CVT_BASIS
Data Clustering by K-Means Techniques
CVT_BASIS is a FORTRAN90 program, using
double precision arithmetic, which computes good cluster centers
for a set of data.
The clustering process uses the K-Means algorithm, which can be
considered to be a discrete version of the CVT algorithm (Centroidal
Voronoi Tessellation).
The data is a collection of vectors, with each vector stored in
a separate file. The files are presumed to have "sequential" names,
such as "fred01.txt", "fred02.txt", and so on. Each file must be a
TABLE file, that is
a series of N lines, with M values on every line (although
comment lines may be inserted as well.)
The program is given the name of the first file in the sequence.

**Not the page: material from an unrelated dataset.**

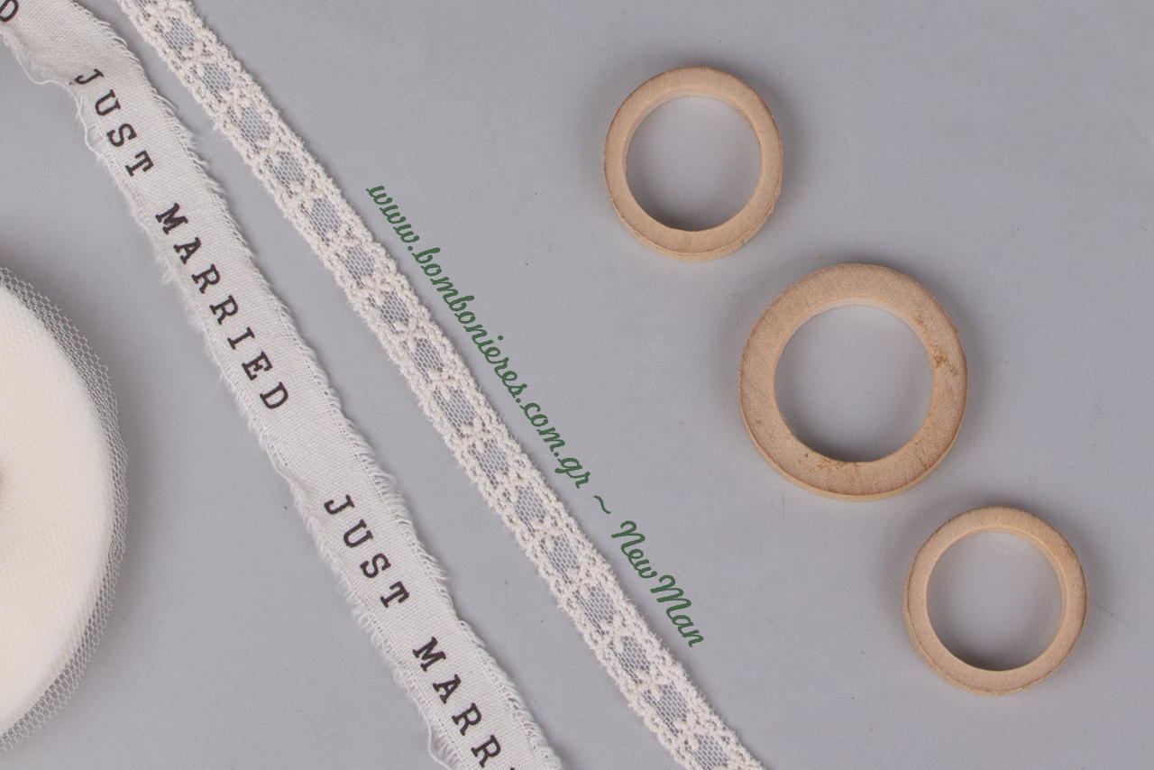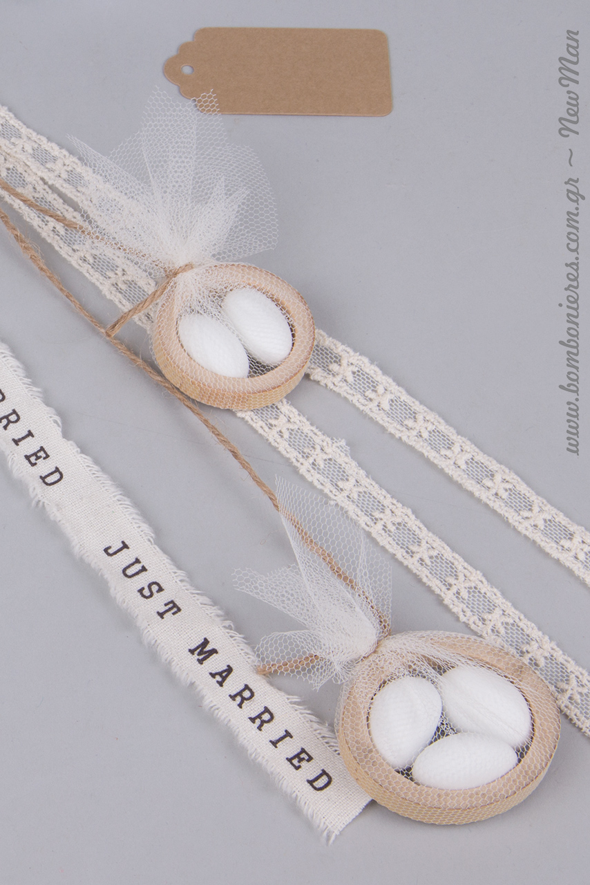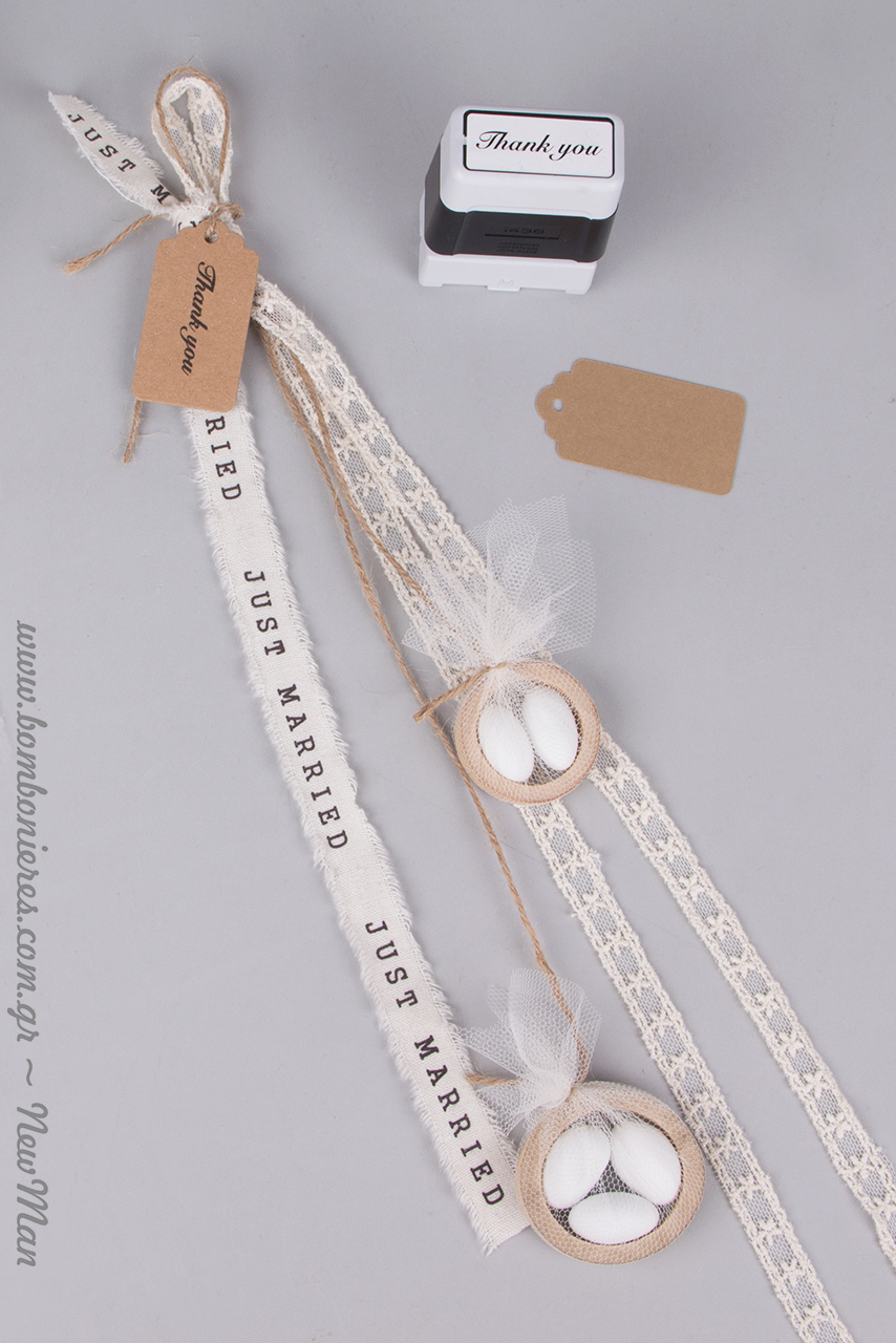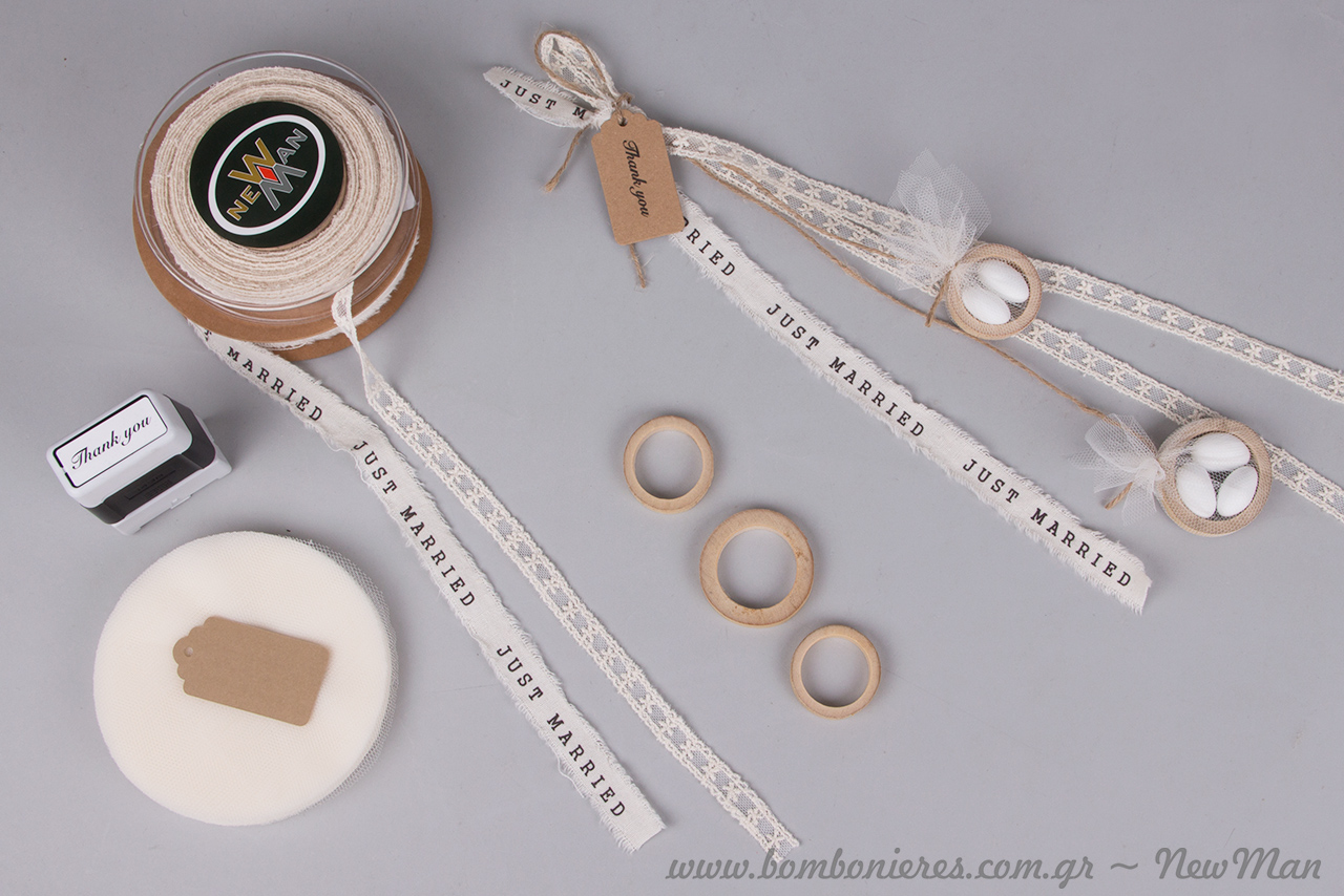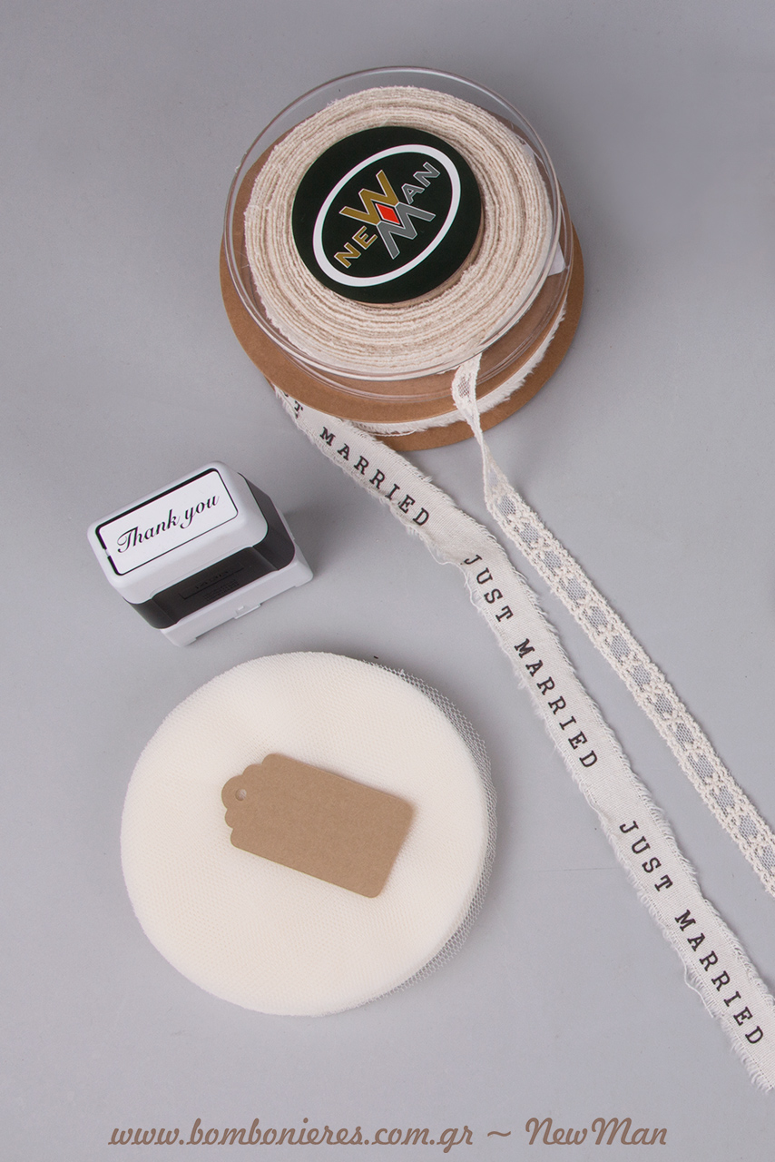 Tip 3: Χρησιμοποιήστε διπλό το φυτίλι (κέντημα σε τούλι) αφήνοντας του λίγο περισσότερο μήκος σε σχέση με την κορδέλα Just Married, την οποία θα εντάξετε στη σύνθεση μονή.

It reads the data from each file in the sequence, and carries out
the K Means clustering process to determine K cluster centers.
It writes each of these cluster centers out to a separate file.
The cluster centers will generally be "well spread out" in the space
spanned by the set of data. Such a set might be useful, for instance,
in determining a basis for a low-dimensional approximation of the
data.
INPUT: at run time, the user specifies:
-
uv0_file, the name of the first data file (the program
will assume all the files are numbered consecutively).
Note that you may now specify more than one set of solution families.
Enter "none" if there are no more families, or else the name of the
first file in the next family. Up to 10 separate families of
files are allowed.
-
cluster_lo, cluster_hi, the range of cluster sizes to check.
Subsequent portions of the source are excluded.